立ち上げメンバーの西喜代子さん(74)は設立当時、霧島図書室に勤務していました。「図書室の隣にあった幼稚園で、園になじめない子どものために、子どもが楽しく登園できるようにと縫い物が上手な保護者が、エプロンを舞台に見立てて人形劇を行う『エプロンシアター』を作って幼稚園に寄付しました。そんな社会貢献の仕方があると気付かされ、自分も何かできないかと考えました。思いついたのが、当時霧島地区にはなかったおはなしグループを立ち上げることでした」と西さんは振り返ります。
「活動をする上で最優先したのは、家庭を大事にすること。
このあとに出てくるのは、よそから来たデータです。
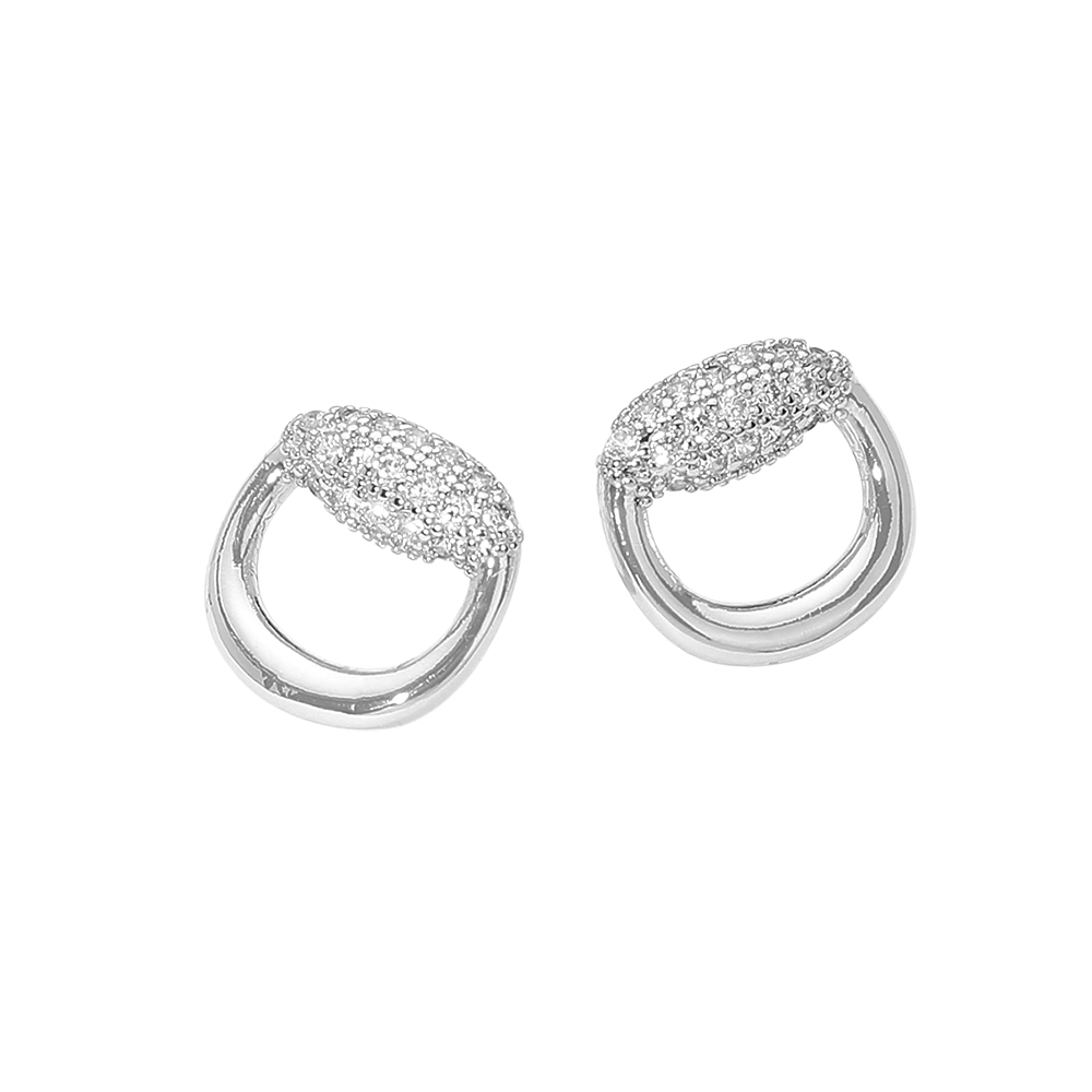 • Modern open circle stud earrings featuring a softly rounded silhouette topped with shimmering CZ pavĂ© detail. Designed to add subtle sparkle and dimension, this refined style transitions easily from everyday wear to evening looks, making it a versatile and giftable accessory choice for fashion-forward collections.

誰にでも家庭や仕事の都合があるので、無理せず楽しめるグループにしたかった」と話すとおり、その時に集まれるメンバーが参加し、読み聞かせだけでなく、それぞれが自分の特技を生かしてエプロンシアターやパネルシアターなどの作品作りに取り組みました。「中でも、ブラックライトを当てると絵が浮き上がって見える『ブラックシアター』は子どもたちに好評でしたが、題材とする絵本の著作権の問題で許可をもらえないこともあり、それならばと自分たちの手で紙芝居を作ることに。霧島にまつわる七つの伝説を題材にした『霧島の七不思議』は、私たちの代表作です」と笑顔を見せます。
さらに西さんの制作意欲に火を付けたのが、NHK大河ドラマ『西郷どん』に、霧島の開拓に貢献した偉人・桂久武が登場したこと。「地元の歴史に詳しい人や開拓従事者の子孫に取材するなど、メンバーと手分けして情報収集に力を入れました。あまり資料も残っていなかったので史実を後世に残せたらと、紙芝居だけでなく冊子も作りました」と胸を張ります。こうして作られた紙芝居『桂久武ものがたり』は昨年、県自作視聴覚教材コンクールで応募作品88点の中から最優秀賞を受賞。紙芝居部門の最優秀賞受賞は、同コンクール史上初の快挙です。
今年、女性の地位向上につながる活動などを顕彰するソロプチミスト日本財団から『ボランティア賞』も受賞した紙ふうせん。30年以上にわたり子どもたちと向き合ってきた西さんは「児童文学作家の椋鳩十さんの作品に『お母さんの声は金の鈴』という本があります。メディアが発達する昨今、愛情がこもった生の声を聴かせてあげることが大切。これからも子どもたちの心にワクワクやドキドキを届けられたら」と、今日もメンバーと共に金の鈴を響かせます。
「桂久武物語」
冊子・桂久武物語(全20ページ)は国分・隼人図書館、霧島図書室などに所蔵。